* _Instructions for the task_: The copy has to match the records word for word and include no pictures.

Top of The records

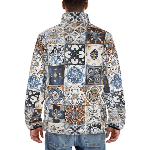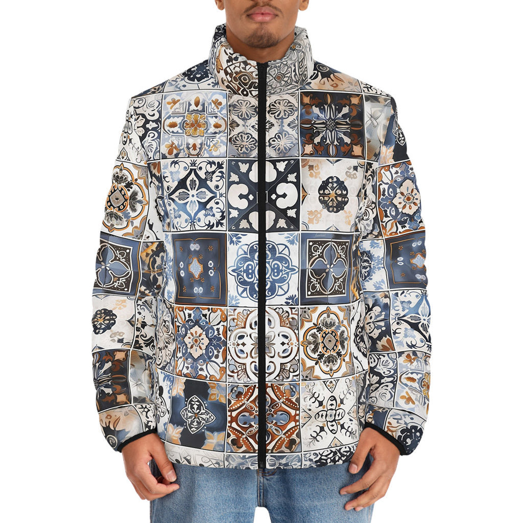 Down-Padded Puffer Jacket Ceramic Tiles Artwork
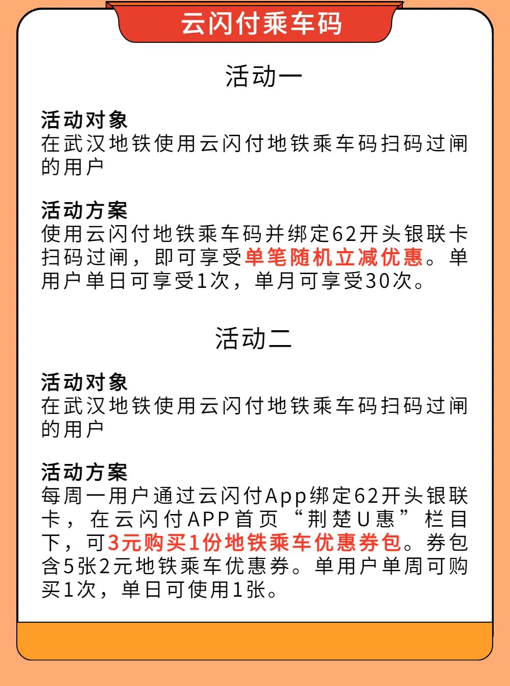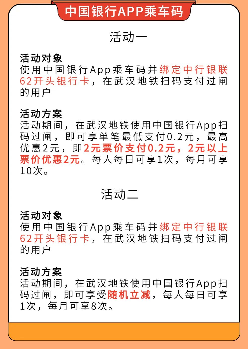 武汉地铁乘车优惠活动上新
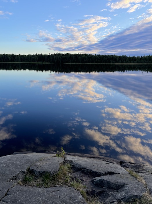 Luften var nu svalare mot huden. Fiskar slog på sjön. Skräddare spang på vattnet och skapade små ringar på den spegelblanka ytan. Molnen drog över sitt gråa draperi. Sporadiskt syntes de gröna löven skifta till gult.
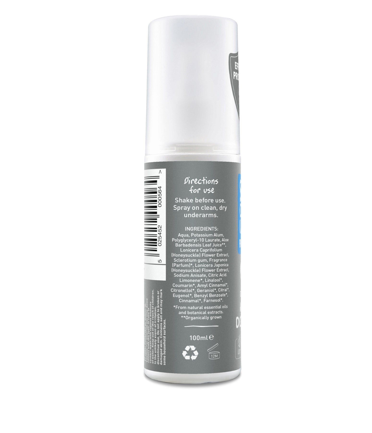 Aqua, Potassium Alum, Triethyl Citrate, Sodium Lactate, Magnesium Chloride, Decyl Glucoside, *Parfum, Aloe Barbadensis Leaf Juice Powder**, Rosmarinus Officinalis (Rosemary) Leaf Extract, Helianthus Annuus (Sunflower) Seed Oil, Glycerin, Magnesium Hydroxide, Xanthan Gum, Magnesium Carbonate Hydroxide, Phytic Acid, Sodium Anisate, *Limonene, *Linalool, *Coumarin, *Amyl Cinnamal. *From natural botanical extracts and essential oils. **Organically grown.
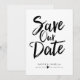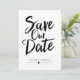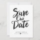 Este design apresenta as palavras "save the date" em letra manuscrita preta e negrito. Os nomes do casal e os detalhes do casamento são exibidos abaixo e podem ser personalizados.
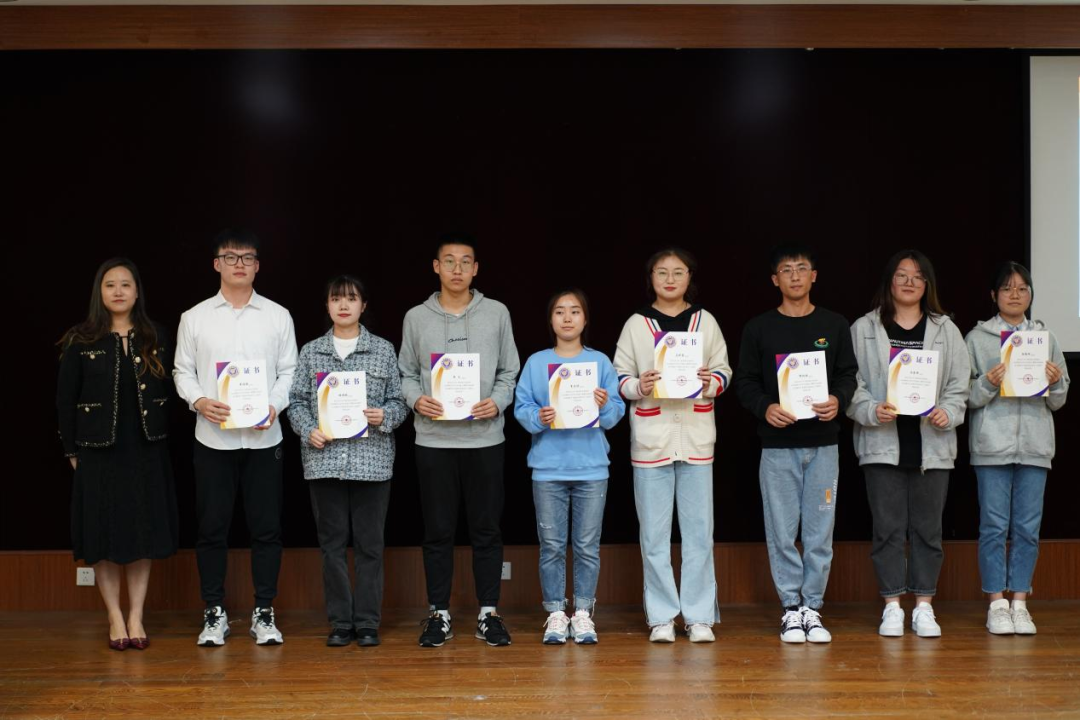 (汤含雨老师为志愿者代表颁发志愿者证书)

Bottom of The records

* _Response_:
 Down-Padded Puffer Jacket Ceramic Tiles Artwork
 武汉地铁乘车优惠活动上新
 Luften var nu svalare mot huden. Fiskar slog på sjön. Skräddare spang på vattnet och skapade små ringar på den spegelblanka ytan. Molnen drog över sitt gråa draperi. Sporadiskt syntes de gröna löven skifta till gult.
 Aqua, Potassium Alum, Triethyl Citrate, Sodium Lactate, Magnesium Chloride, Decyl Glucoside, *Parfum, Aloe Barbadensis Leaf Juice Powder**, Rosmarinus Officinalis (Rosemary) Leaf Extract, Helianthus Annuus (Sunflower) Seed Oil, Glycerin, Magnesium Hydroxide, Xanthan Gum, Magnesium Carbonate Hydroxide, Phytic Acid, Sodium Anisate, *Limonene, *Linalool, *Coumarin, *Amyl Cinnamal. *From natural botanical extracts and essential oils. **Organically grown.
 Este design apresenta as palavras "save the date" em letra manuscrita preta e negrito. Os nomes do casal e os detalhes do casamento são exibidos abaixo e podem ser personalizados.
 (汤含雨老师为志愿者代表颁发志愿者证书)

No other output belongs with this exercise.